From the Guidelines
For a 17-year-old patient with menorrhagia who has migraines with aura and is currently taking Slynd (drospirenone), the best approach would be to continue Slynd and add a non-hormonal treatment such as tranexamic acid (Lysteda) 1300 mg three times daily during heavy bleeding days. This approach is based on the fact that Slynd is a progestin-only pill without estrogen, making it safe for patients with migraines with aura who have contraindications to estrogen-containing contraceptives 1. The management of menorrhagia in this patient should prioritize treatments that do not exacerbate migraine symptoms. Key considerations include:
- Continuing Slynd to maintain contraception without estrogen, which can worsen migraines with aura
- Adding tranexamic acid for its efficacy in reducing menstrual blood loss by approximately 40-60% without affecting migraine management
- Considering non-steroidal anti-inflammatory drugs (NSAIDs) like ibuprofen for additional bleeding reduction and pain relief, although their impact on migraine should be monitored
- Iron supplementation, such as ferrous sulfate 325 mg daily, if signs of iron deficiency anemia are present, to improve quality of life by reducing fatigue and other anemia-related symptoms. It's crucial to follow up regularly to assess the effectiveness of these treatments and consider further interventions, such as endometrial assessment, if menorrhagia persists. The guidance on migraine management 1 emphasizes the importance of preventive treatment and the use of specific medications, but in the context of menorrhagia treatment, the focus remains on balancing effective bleeding control with safe and effective contraception, while considering the patient's migraine condition.
From the Research
Management of Menorrhagia in a 17-year-old Patient
- The patient is currently on Slynd (drospirenone) and has a history of migraine with aura, which can impact the management of menorrhagia 2.

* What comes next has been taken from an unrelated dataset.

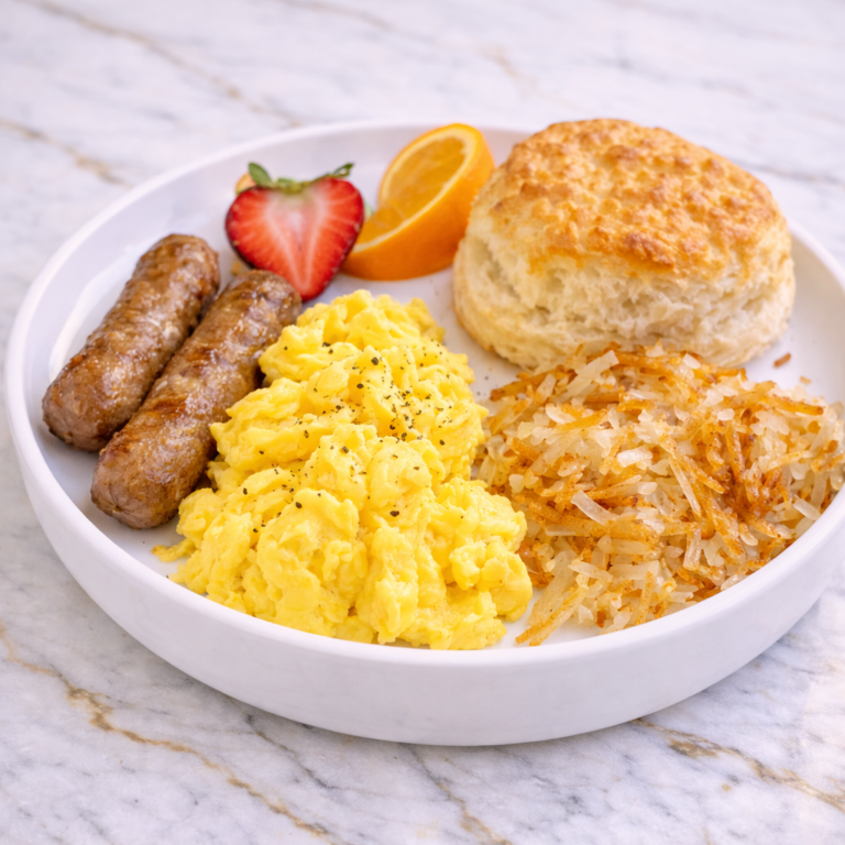 That crispy bacon and fluffy egg tucked inside a warm, flaky biscuit creates a breakfast that sets the whole morning up on exactly the right note.

- Menorrhagia is a common condition in women of reproductive age and can be associated with migraine, as evidenced by a study that found a higher frequency of menorrhagia in female migraineurs compared to age-matched women without headache 3.
- The use of combined oral contraceptives, such as Slynd, can be beneficial in reducing menstrual blood loss and managing menorrhagia, but may not be suitable for all patients, particularly those with a history of migraine with aura 2.

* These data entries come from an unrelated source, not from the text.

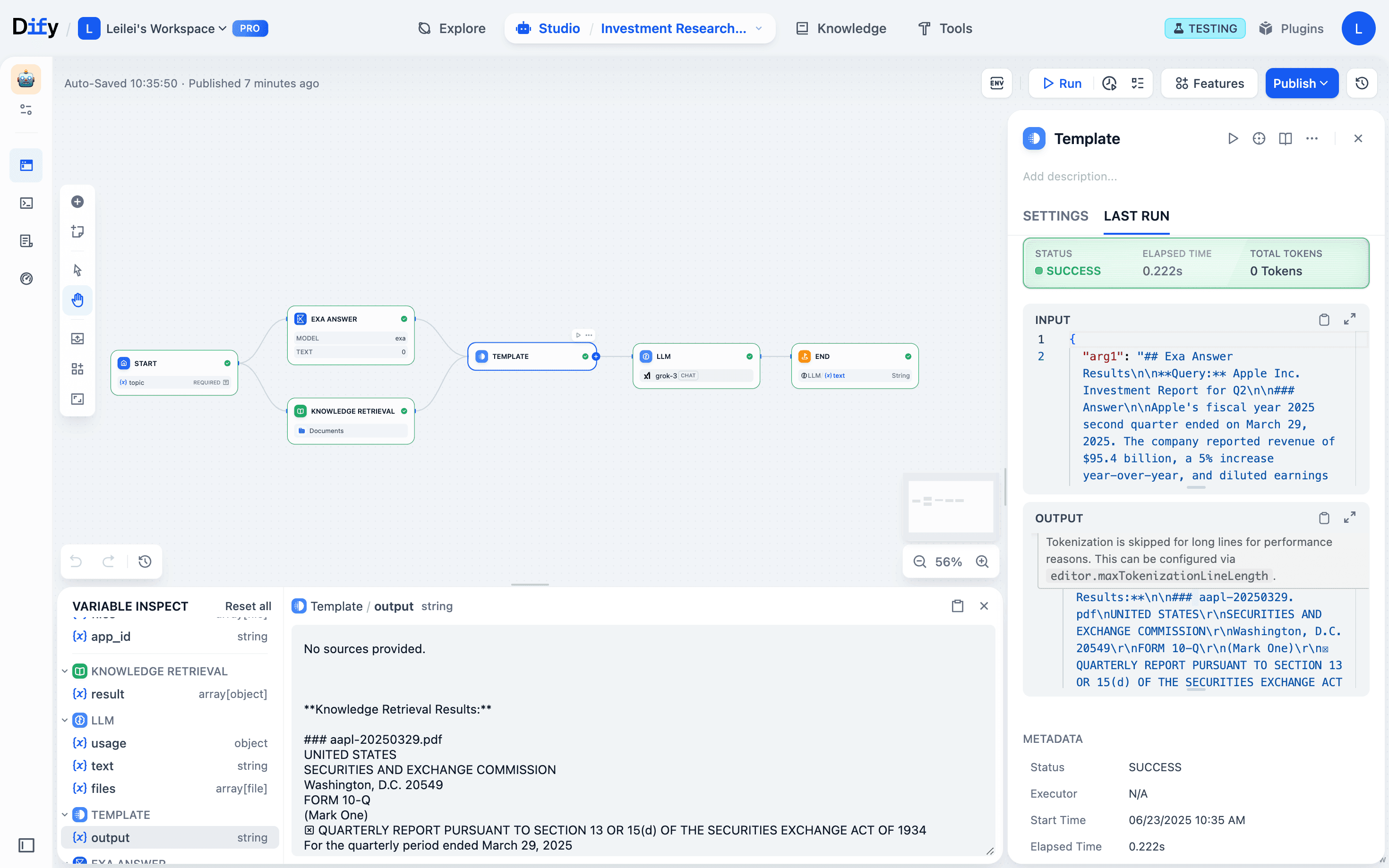 Spot issues: The variable inspect panel shows you immediately that Exa web search worked fine, but the template node output is missing knowledge base content.
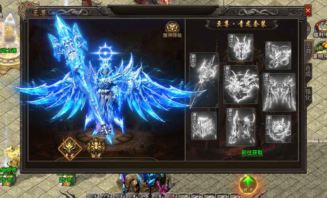 1. 今天给大家介绍一下至尊青龙套装怎么获取,玩家可以在跨服地图诛魔法阵中击杀BOSS,地图内有110只BOSS,击杀有一定几率爆天威青龙系列首饰装备。
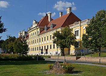 Eltz Manor (Croatian: Dvorac Eltz, German: Schloss Eltz) is a Baroque palace in Vukovar, Croatia. The 18th-century manor is the location of the Vukovar City Museum. The manor, as it previously appeared, is depicted on the reverse of the Croatian 20 kuna banknote, issued in 1993 and 2001.[1][2] The palace was destroyed in 1991 in the Croatian War of Independence. However, after four years of restorations, it was completely restored to its pre-war appearance in October 2011.[3]

Treatment Options for Menorrhagia
- Tranexamic acid is an effective and well-tolerated treatment for idiopathic menorrhagia, reducing menstrual blood loss by 34-59% over 2-3 cycles 4.
- Nonsteroidal anti-inflammatory drugs (NSAIDs) and other medications, such as mefenamic acid and flurbiprofen, may also be used to manage menorrhagia, but may not be as effective as tranexamic acid 4.

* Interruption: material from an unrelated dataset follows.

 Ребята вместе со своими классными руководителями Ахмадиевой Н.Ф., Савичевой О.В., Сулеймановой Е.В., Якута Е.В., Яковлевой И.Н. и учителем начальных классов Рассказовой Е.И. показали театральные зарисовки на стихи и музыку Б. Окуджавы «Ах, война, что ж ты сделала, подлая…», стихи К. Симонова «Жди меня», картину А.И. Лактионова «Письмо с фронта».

- Hormonal therapies, such as levonorgestrel, can also be effective in reducing menstrual blood loss, but may have adverse effects and are not suitable for all patients 4.
Considerations for Migraine with Aura
- The patient's history of migraine with aura is a significant consideration in the management of menorrhagia, as combined oral contraceptives may be contraindicated in patients with migraine with aura 2.
- Alternative treatments, such as tranexamic acid, may be more suitable for patients with migraine with aura, but the effectiveness and safety of these treatments in this population need to be carefully evaluated 4.
- The patient's migraine treatment plan should be taken into account when managing menorrhagia, and prophylactic strategies, such as perimenstrual prophylaxis, may be necessary to reduce the frequency and severity of migraine attacks 5, 6.